Uitgebreidere aantekeningen met gedachten omtrent de mens (vervolg):
In de laatste bijdrage op dit weblog publiceerden we al een gedeelte uit de persoonlijke aantekeningen van Audrey McAllen. Korte gedachten, bijna meditatief, waaraan men kan aflezen op welke manier Audrey kijkt naar haar eigenwerk en het werk van de vrijeschoolleraar (steinerleraar). Het is geen lectuur voor beginners, eerder notities, gemaakt na langdurige studie van de antroposofie en veel ervaring als pedagoge. Daarom deze keer een korte inleiding voordat we de rest van deze aantekeningen wereldkundig maken. Vooral ook om verkeerde interpretatie en eventuele ophef te voorkomen.

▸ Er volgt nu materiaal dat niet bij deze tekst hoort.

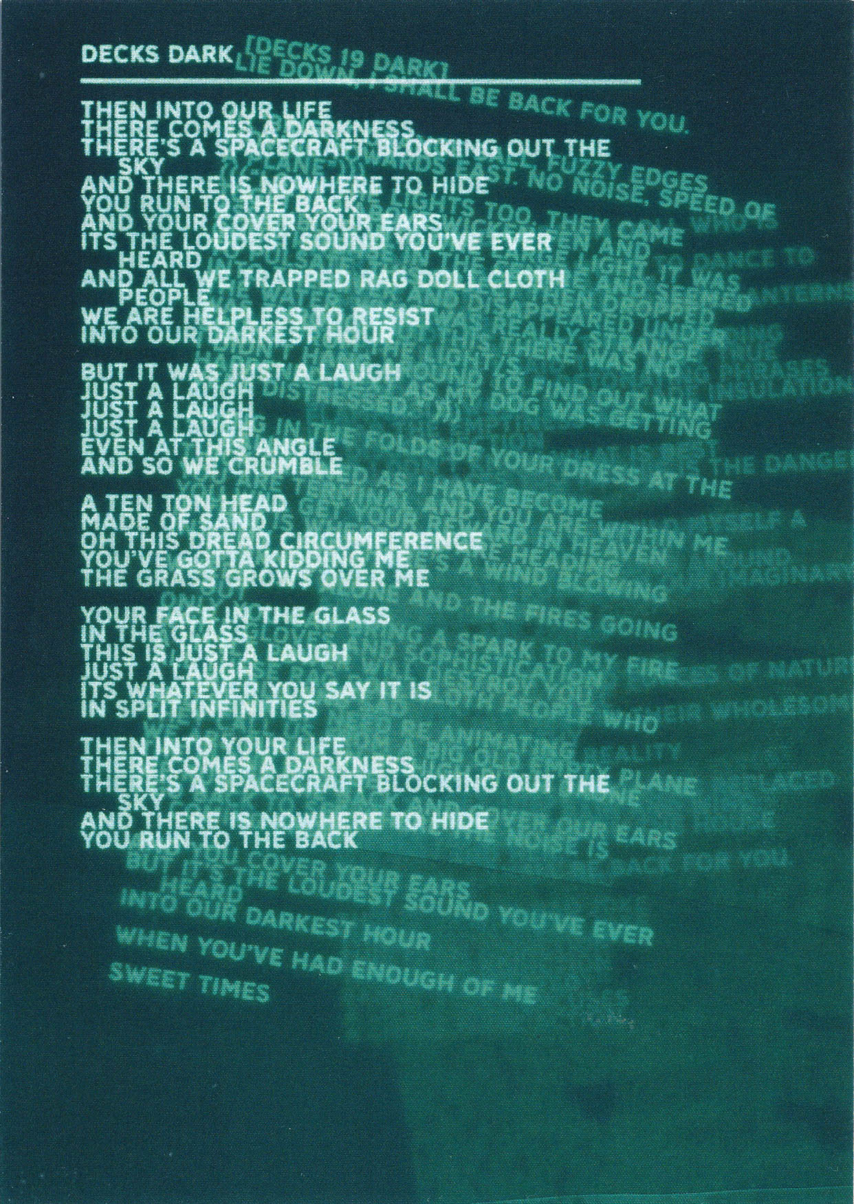 The lyrics for the song can be seen in one of eleven pieces of artwork made from several layers of tracing paper, including some early drafts beneath the final one: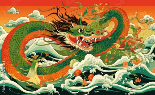Naklejka premium Golden dragon images in Chinese and Japanese styles set against a pastel gold...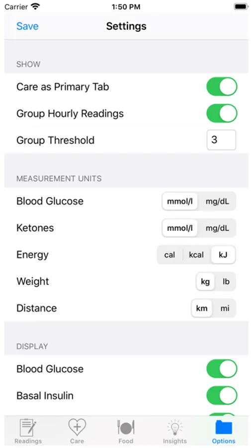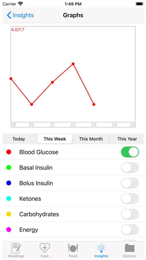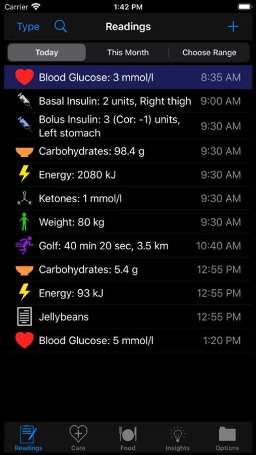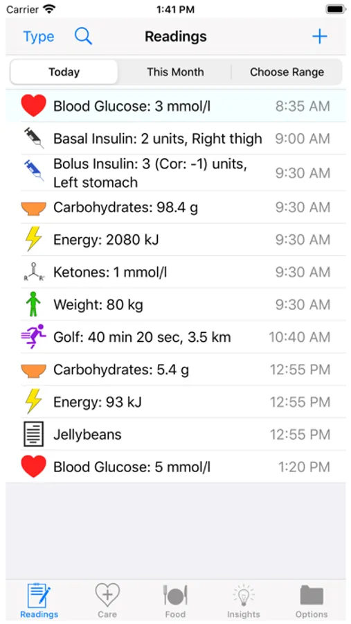 The Readings screen lets you see your condition over various periods of time and can summarise multiple readings of the same type into a single hourly record for ease of viewing. Blood Glucose reading backgrounds are colour coded to make low and high readings easily visible.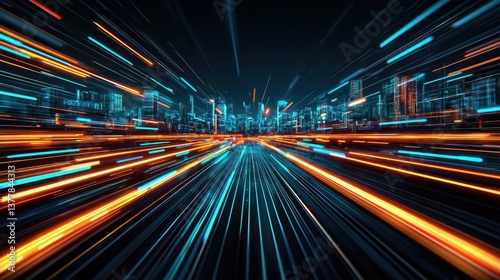 Motion blur city in digital cyberspace with future skyline concept. Dynamic cityscape with streaks of light illustrating motion.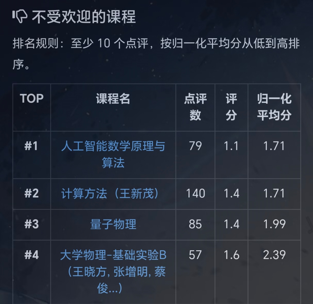 四编,该课程已经超越量子物理。喜提评课社区最不受欢迎榜第二名。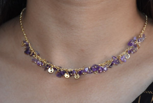 Handmade Natural Amethyst Chip Bead Necklace Rosary Style Uncut Gemstone Jewelry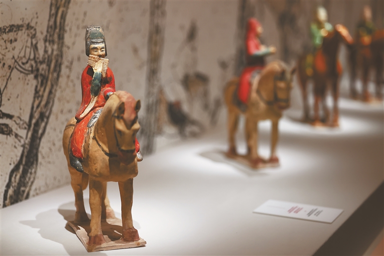 图为9月28日在沙特阿拉伯首都利雅得“天地同和——中国古代乐器展”上拍摄的中国古代音乐主题人物塑像。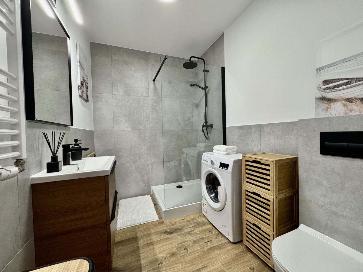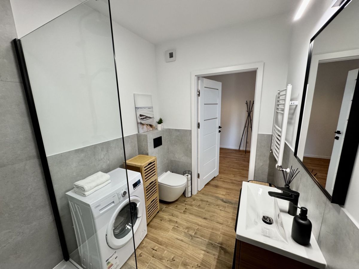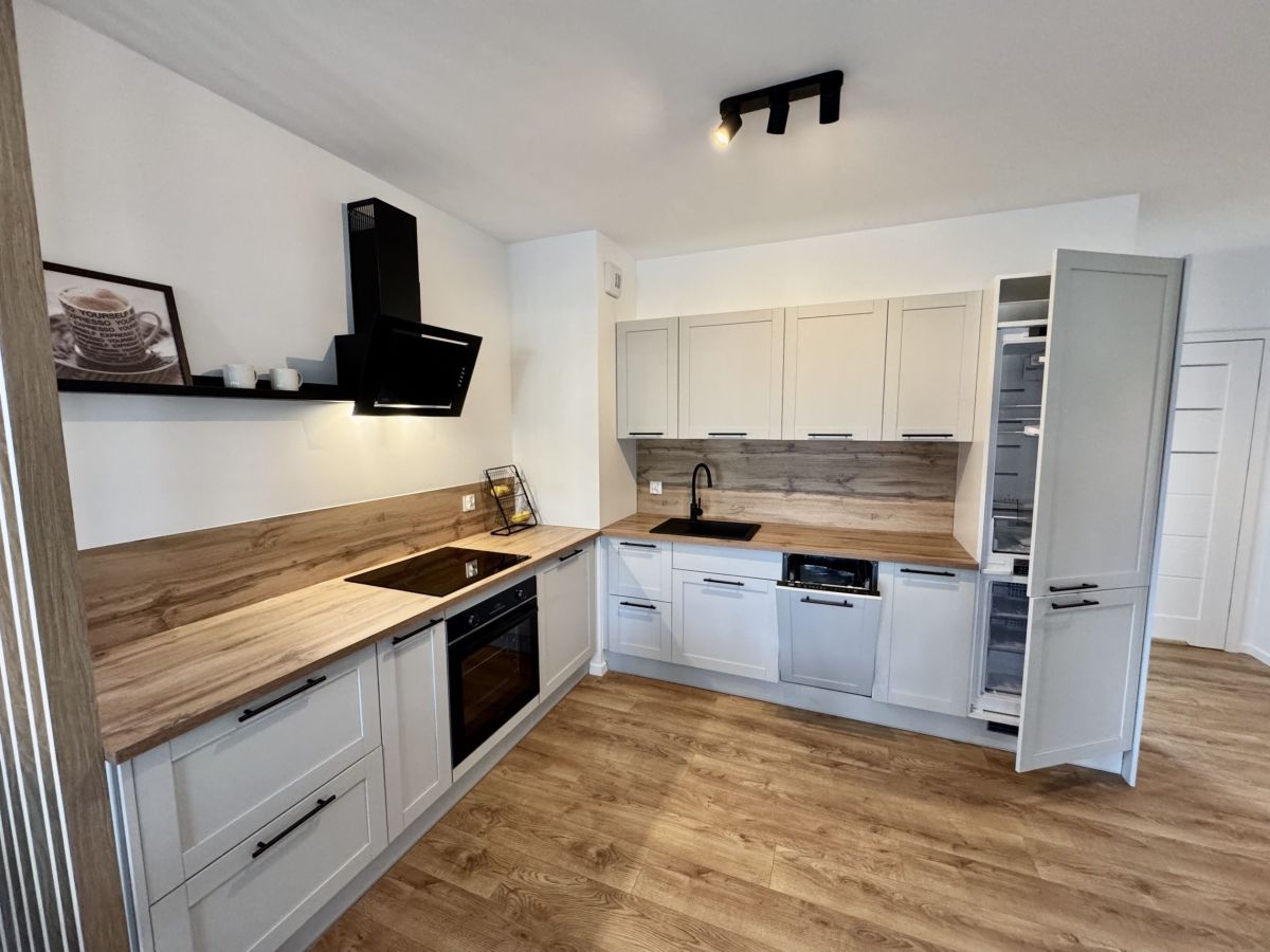 - W pełni umeblowane i wyposażone: meble, lodówka, pralka, zmywarka, piekarnik, płyta indukcyjna, telewizor itd.,

In zijn voordrachten ’Antroposofie’ van oktober 1909 beschreef Rudolf Steiner dat in de lichaamszintuigen (levenszin, eigenbewegingszin en evenwichtszin) de hogere wezensdelen van de mens werkzaam zijn: Geestzelf - Manas, Levensgeest – Buddhi en Geestmens – Atma. Ze worden ook wel het Hogere Ik van de mens genoemd. Deze drie geestelijke wezensdelen heeft de mens nog niet geïndividualiseerd. Het Hogere Ik leeft voorlopig nog buiten de mens onder hoede van de hiërarchieën. Vandaar dat gedurende de eerste drie levensjaren van het kleine kind de ontwikkeling van staan, lopen, spreken en denken, die voor een groot gedeelte afhankelijk is van de lichaamszintuigen, geen proces is afhankelijk van persoonlijke wil, maar een ontwikkeling alsof van buiten gestuurd. Dezelfde krachten die voor dit leer- en ontwikkelingsproces gebruikt worden, zouden later kunnen worden aangewend voor innerlijke scholing.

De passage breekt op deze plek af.